Using $x + \frac{1}{2}y + \frac{1}{3}z = 1$ we obtain the volume as a function of $x$ and $y$:
$V\left( {x,y} \right) = xy\left( {3 - 3x - \frac{3}{2}y} \right) = - 3{x^2}y + 3xy - \frac{3}{2}x{y^2}$
Let the domain $D$ be the triangle $\vartriangle OAB$ in the $xy$-plane.
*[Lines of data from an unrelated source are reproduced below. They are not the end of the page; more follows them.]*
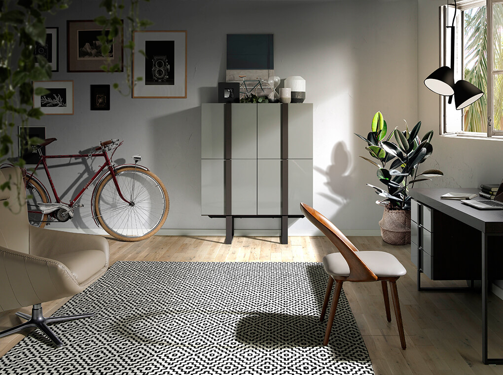 Лакированный буфет (темно-серый RAL7037) CP1706-F от фабрики Angel Cerda — нужный предмет мебели в оригинальном исполнении. Буфет моментально притягивает взгляд. Его несложная конструкция удачно переплетается с необычным дизайном. Здесь создатели решили воплотить эффектный зрительный обман, «зажав» каркас между длинных реек. Этот прием выглядит стильно и надолго цепляет взгляд. Буфет имеет практически квадратную форму. Визуально он поделен на четыре равных сектора, которые закрываются распашными дверями на петлях. Они не имеют ручек, а вместо них оснащены доводчиками. Внутри каждого отделения находится по одной горизонтальной полке, благодаря чему, внутри буфета всего получается восемь отделений. Все они одинаковой площади. Материал изготовления — прочный МДФ и натуральное дерево венге. Из этой породы сделаны декоративные рейки, проходящие вдоль всего фасада. Буфет поддерживают две рамочные опоры. Они изготовлены из толстого металла, окрашены в цвет венге. Находясь ровно под декоративными рейками и имея ту же самую ширину грани, создается ощущение, словно ножки буфета «уходят» вверх. Именно этот визуальный эффект — главная «изюминка» модели. Размеры буфета: ширина — 120 см, высота — 150 см, глубина — 43 см. Доставка осуществляется в разобранном виде (крепеж в комплекте). В коллекцию CP1706 также входят письменный стол, тумбочка, тумба под ТВ.
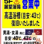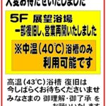 続きを読む: 5F展望浴場 再開いたしました (#^.^#)1か月弱、大変お待たせいたしました。 男女とも 中温(40℃)浴槽のみ ではございますが、本日より営業再開いたしました。 高温(…
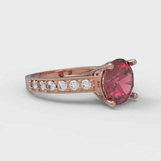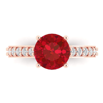 2.3 cttw Simulated Pink Tourmaline Solitaire with Zirconia Simulated Diamond Accents Engagement Ring - Solid Gold (Round Cut,8.0mm)
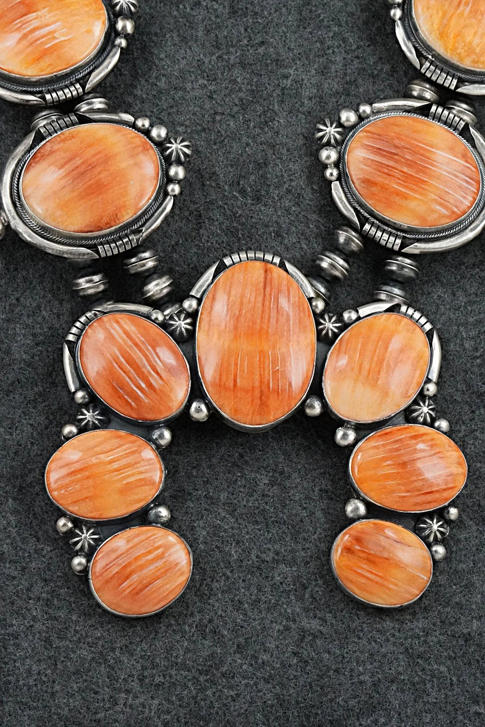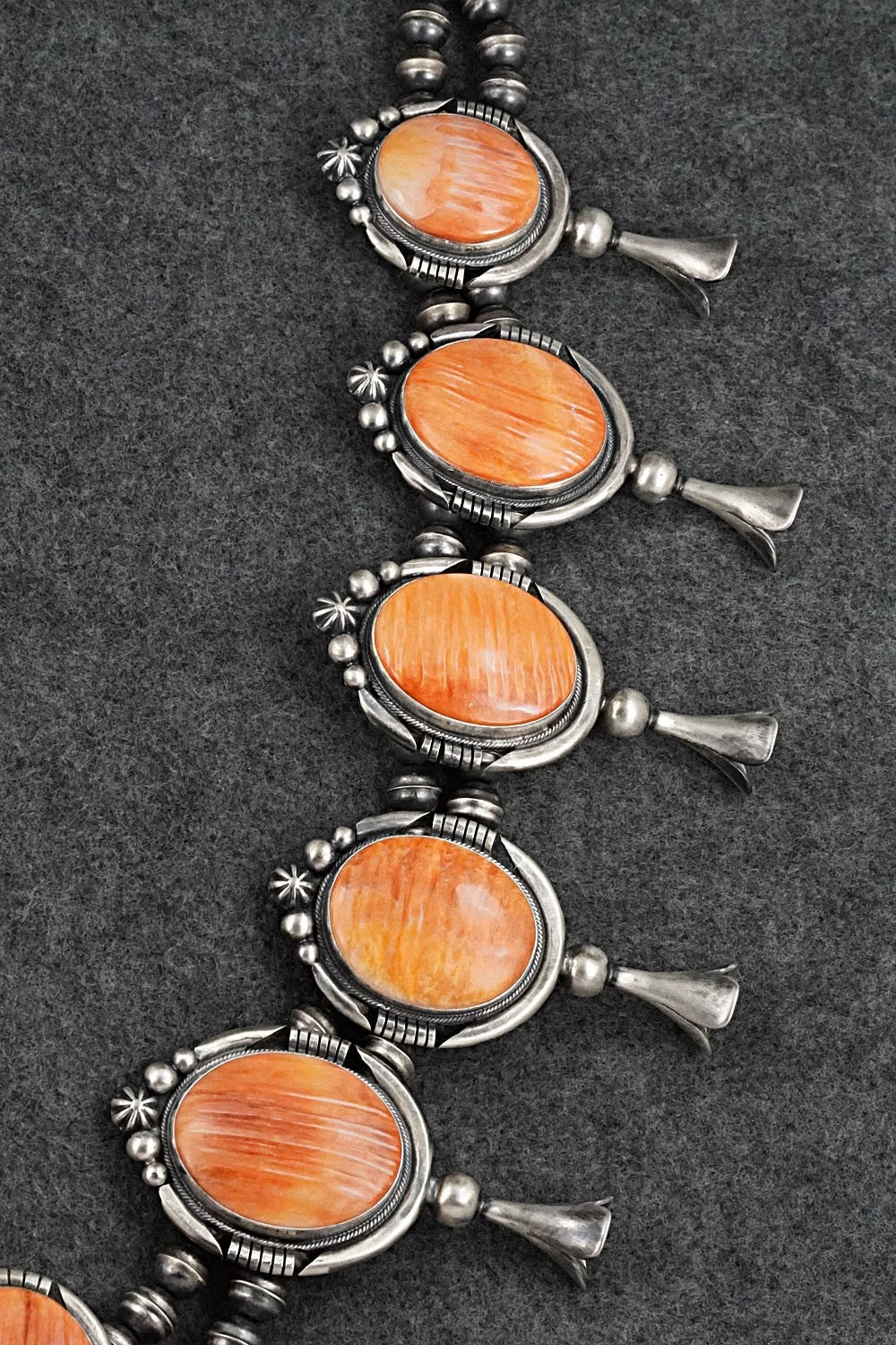 Spiny Oyster & Sterling Silver Squash Blossom Set - Paul Livingston

So,
$D = \left\{ {\left( {x,y} \right)|x,y \ge 0,x + \frac{1}{2}y \le 1} \right\}$
Since $D$ is closed and bounded, by Theorem 3, the maximum value occurs either at the critical points in the interior of $D$ or at points on the boundary of $D$.
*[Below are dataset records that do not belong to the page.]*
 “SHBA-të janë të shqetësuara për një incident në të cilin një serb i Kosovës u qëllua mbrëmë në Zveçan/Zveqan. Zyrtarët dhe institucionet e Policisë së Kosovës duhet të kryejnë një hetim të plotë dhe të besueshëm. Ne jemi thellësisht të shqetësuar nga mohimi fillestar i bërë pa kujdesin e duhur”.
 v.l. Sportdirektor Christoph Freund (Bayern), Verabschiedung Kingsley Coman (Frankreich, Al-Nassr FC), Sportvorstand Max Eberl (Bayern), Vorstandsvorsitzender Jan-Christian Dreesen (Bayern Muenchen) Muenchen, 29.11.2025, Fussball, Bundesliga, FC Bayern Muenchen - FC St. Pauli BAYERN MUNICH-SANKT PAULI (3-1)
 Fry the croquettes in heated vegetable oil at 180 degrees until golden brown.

Step 2. Examine the critical points
We have $V\left( {x,y} \right) = - 3{x^2}y + 3xy - \frac{3}{2}x{y^2}$ on the domain $D = \left\{ {\left( {x,y} \right)|x,y \ge 0,x + \frac{1}{2}y \le 1} \right\}$.
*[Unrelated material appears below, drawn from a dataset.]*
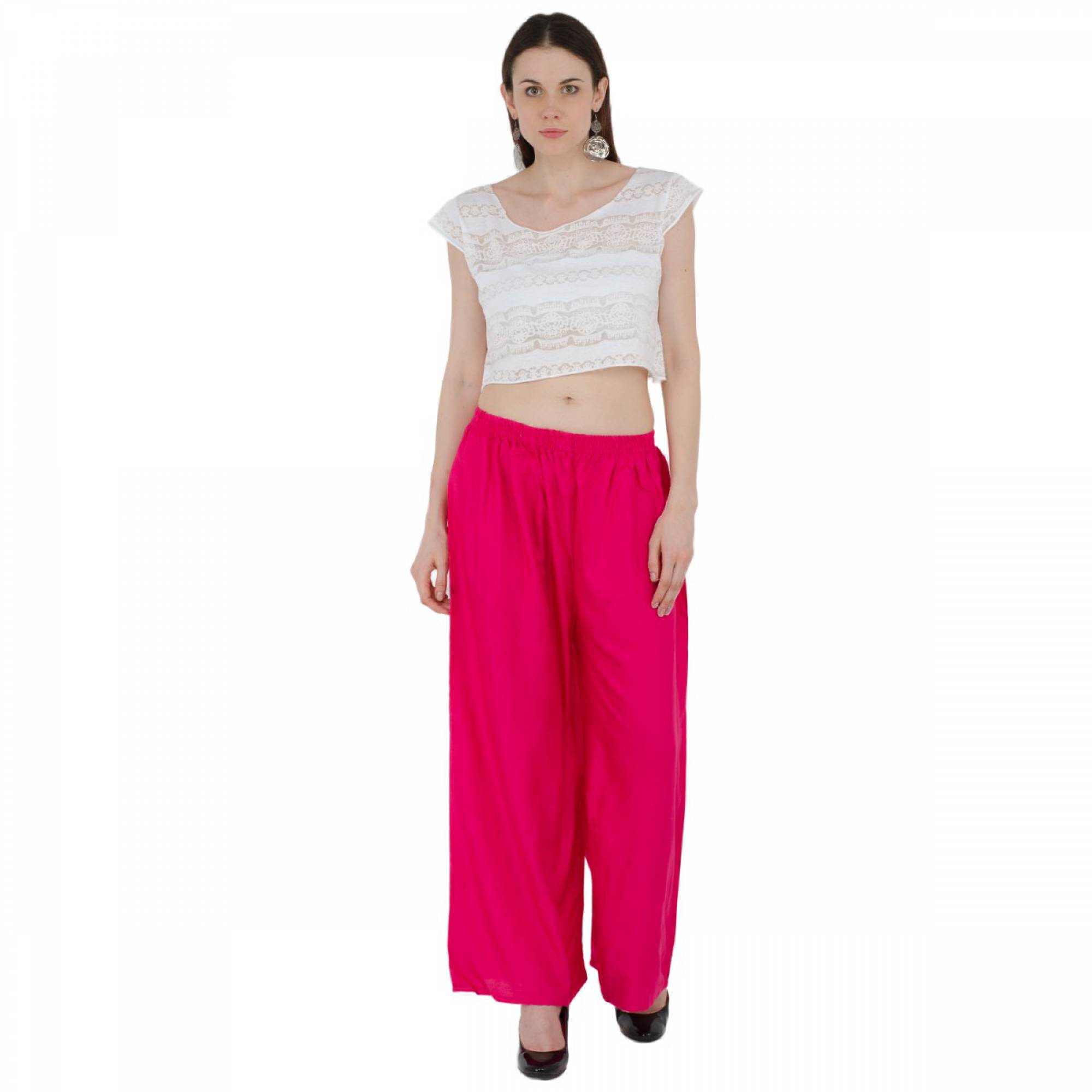 SIVYATI Rayon Regular Fit Solid Pink Palazzo Pant For Women

The partial derivatives are
${V_x} = - 6xy + 3y - \frac{3}{2}{y^2}$
${V_y} = - 3{x^2} + 3x - 3xy$
To find the critical points we solve the equations ${V_x} = 0$ and ${V_y} = 0$:
${V_x} = - 6xy + 3y - \frac{3}{2}{y^2} = 0$
${V_y} = - 3{x^2} + 3x - 3xy = 0$
We get
$y\left( { - 6x + 3 - \frac{3}{2}y} \right) = 0$
$x\left( { - 3x + 3 - 3y} \right) = 0$
From the first equation we get $y=0$. Substituting it in the second equation gives $x=1$.
From the second equation we get $x=0$. Substituting it in the first equation gives $y=2$.
From the set of equations: $ - 6x + 3 - \frac{3}{2}y = 0$ and $ - 3x + 3 - 3y = 0$ we obtain $x = \frac{1}{3}$ and $y = \frac{2}{3}$.
So, the critical points are $\left( {0,0} \right)$, $\left( {1,0} \right)$, $\left( {0,2} \right)$ and $\left( {\frac{1}{3},\frac{2}{3}} \right)$. The corresponding extreme values are
$\begin{array}{*{20}{c}}
{{\rm{Critical{\ }points}}}&{V\left( {x,y} \right)}\\
{\left( {0,0} \right)}&0\\
{\left( {1,0} \right)}&0\\
{\left( {0,2} \right)}&0\\
{\left( {\frac{1}{3},\frac{2}{3}} \right)}&{\frac{2}{9}}
\end{array}$
Step 2. Check the boundaries
We restrict the volume $V$ along the edges and find the maximum values. The results are given in the following table:
$\begin{array}{*{20}{c}}
{}&{{\rm{Restriction{\ }of}}}\\
{{\rm{Edge}}}&{V\left( {x,y} \right){\rm{to{\ }Edge}}}\\
{Bottom:0 \le x \le 1,y = 0}&{h\left( x \right) = V\left( {x,0} \right) = 0}\\
{Left:x = 0,0 \le y \le 2}&{m\left( y \right) = V\left( {0,y} \right) = 0}\\
{Right:0 \le x \le 1,y = 2 - 2x}&{n\left( x \right) = V\left( {x,2 - 2x} \right) = 0}
\end{array}$
We have $V=0$ for all points on the boundary of $D$.
Step 3. Compare the results
Comparing the results from Step 1 and Step 2 we obtain the maximum volume of $V\left( {\frac{1}{3},\frac{2}{3}} \right) = \frac{2}{9}$.
Using $x + \frac{1}{2}y + \frac{1}{3}z = 1$, we obtain the size of the box when the volume is maximum: $\left( {x,y,z} \right) = \left( {\frac{1}{3},\frac{2}{3},1} \right)$.